TASK PROMPT
Set the listing down unchanged, minus every embedded image.

COLLECTED MATERIAL
• • • •

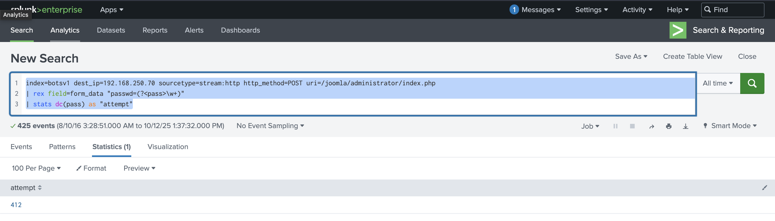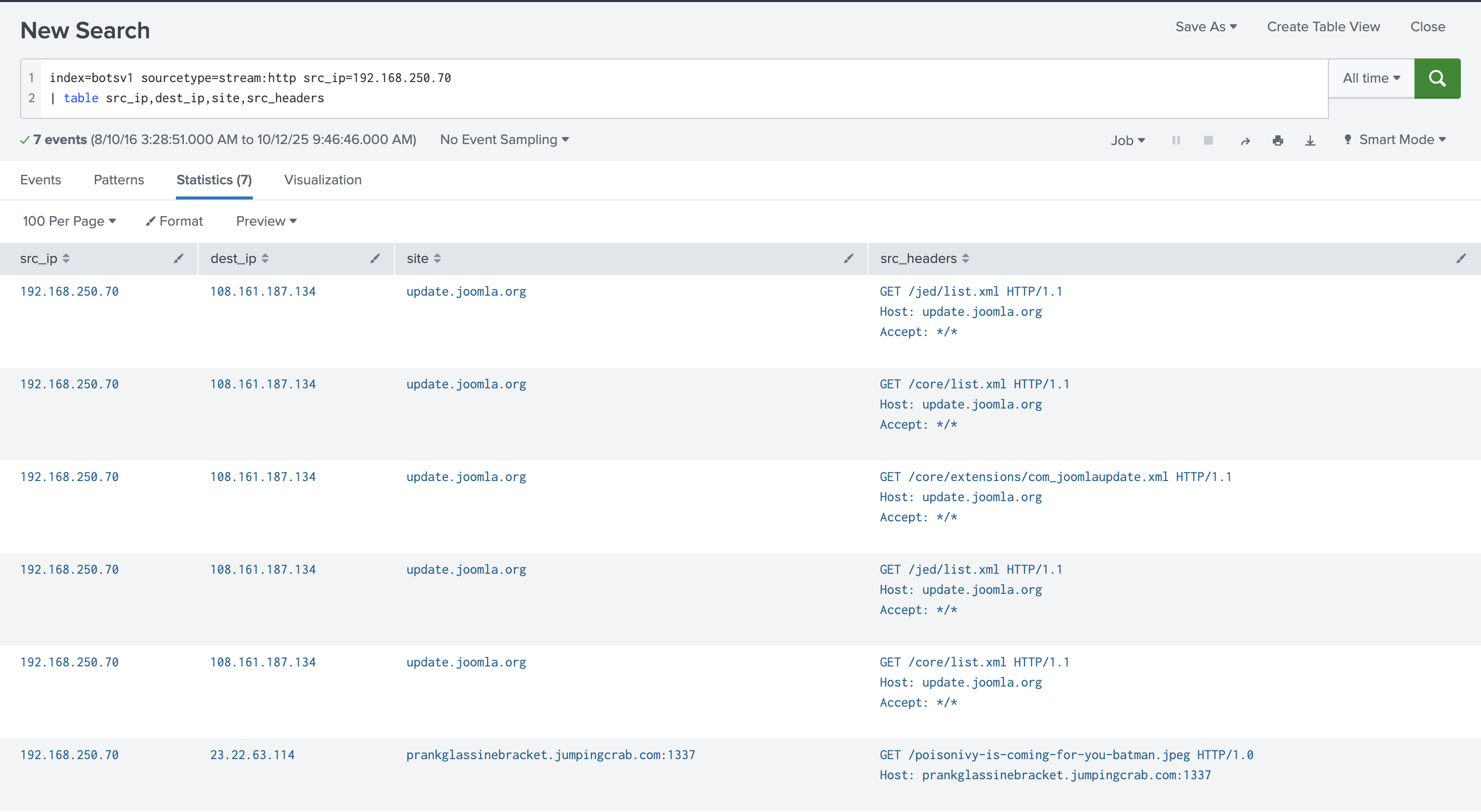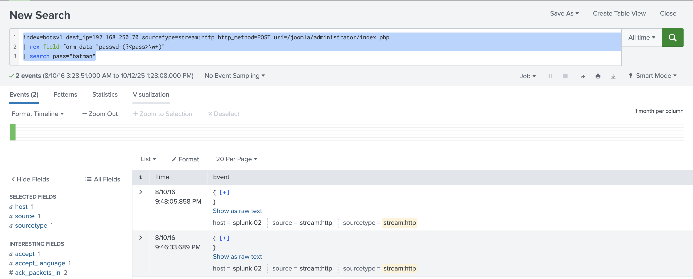 index=botsv1 dest_ip=192.168.250.70 sourcetype=stream:http http_method=POST uri=/joomla/administrator/index.php
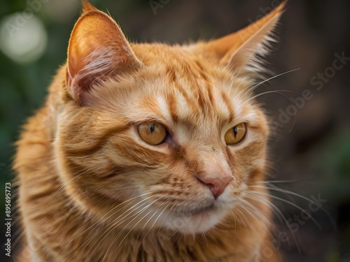 orange cat with blur background, orange cat is sitting and looking
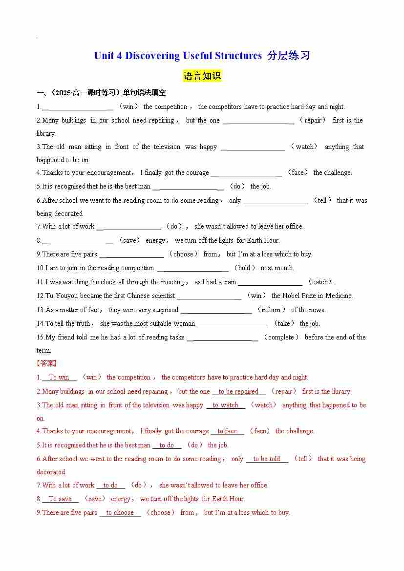 首页 > 全部 > 分层作业 > Unit 4 Discovering Useful Structures 分层练习(解析版)--- 【上好课】2024-2025学年高一英语同步精品课堂(人教版2019必修第三册)
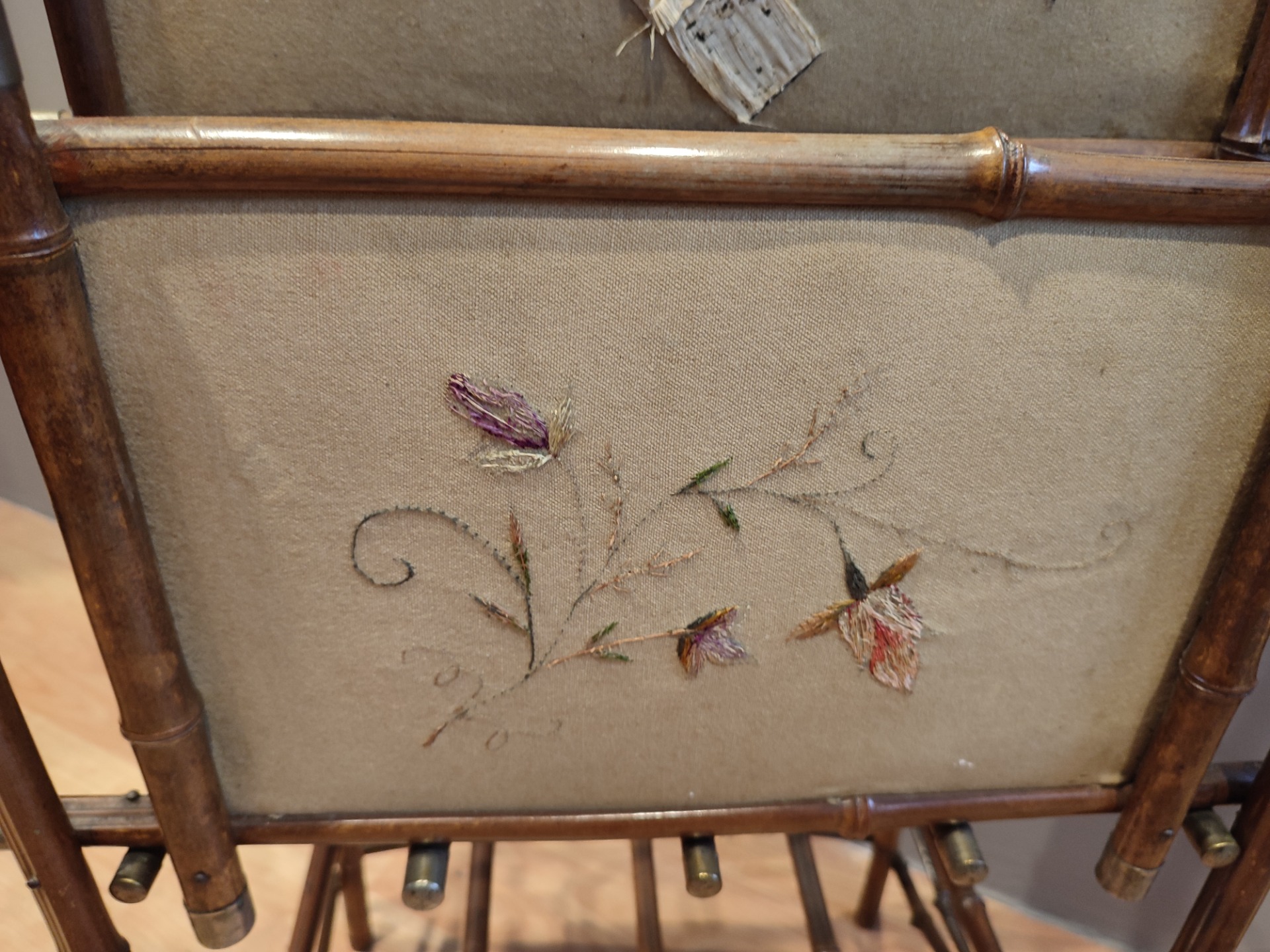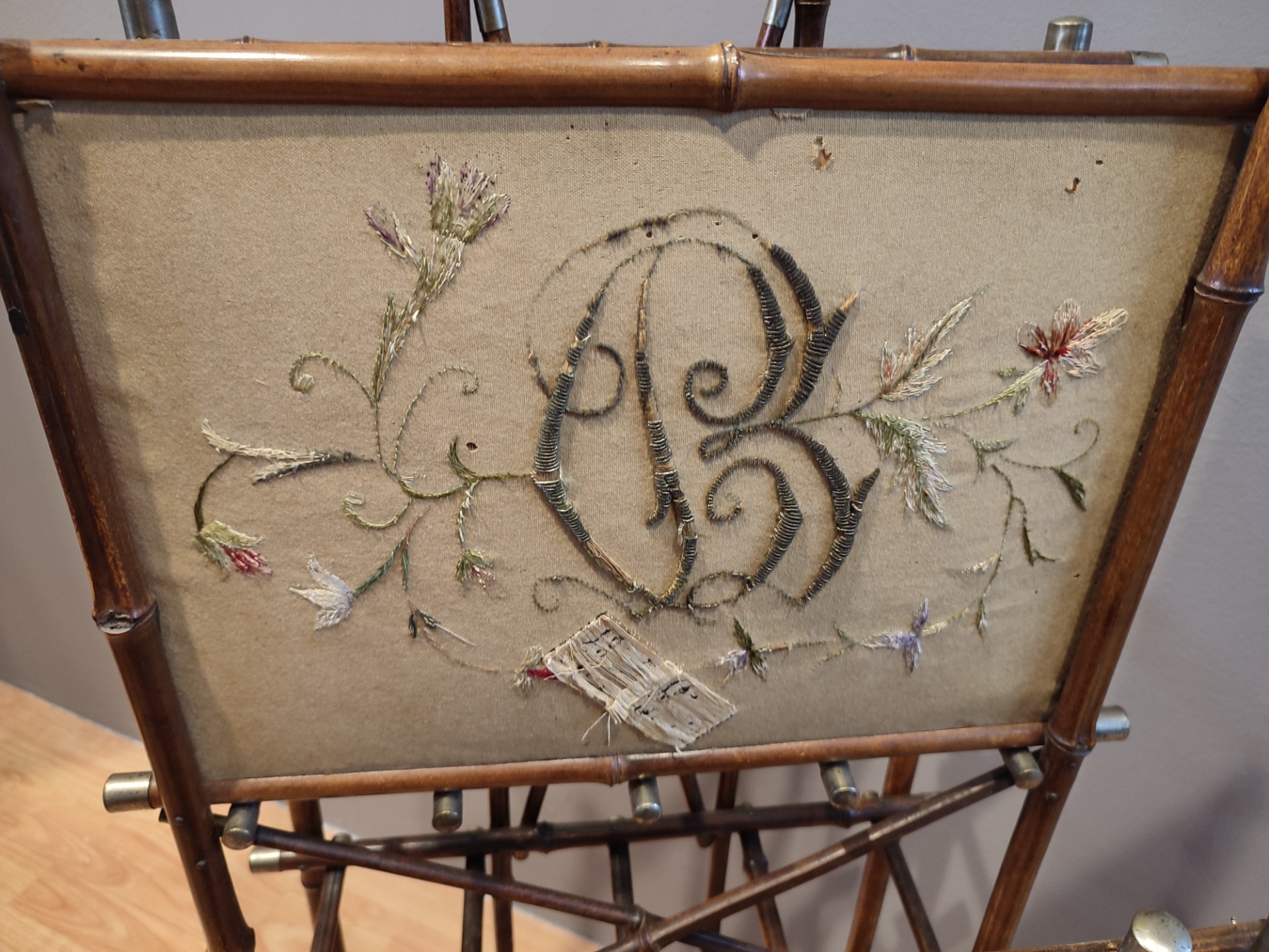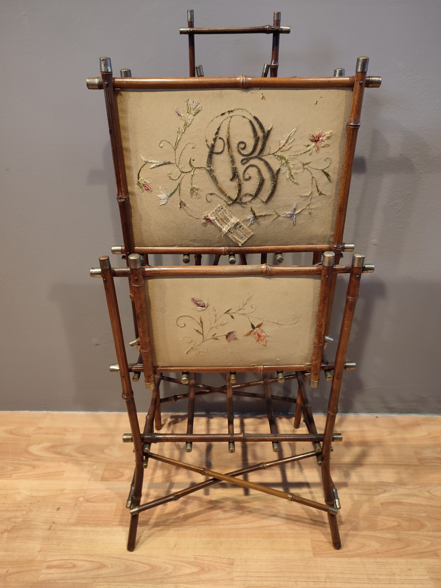 Porta riviste in Bambù con tessuto e ricamo.Usure dovuti all epoca. Miss : H 110 P 40 L 52 Siamo a vostra disposizione per informazioni o foto

• • • •

TASK RESPONSE
 index=botsv1 dest_ip=192.168.250.70 sourcetype=stream:http http_method=POST uri=/joomla/administrator/index.php
 orange cat with blur background, orange cat is sitting and looking
 首页 > 全部 > 分层作业 > Unit 4 Discovering Useful Structures 分层练习(解析版)--- 【上好课】2024-2025学年高一英语同步精品课堂(人教版2019必修第三册)
 Porta riviste in Bambù con tessuto e ricamo.Usure dovuti all epoca. Miss : H 110 P 40 L 52 Siamo a vostra disposizione per informazioni o foto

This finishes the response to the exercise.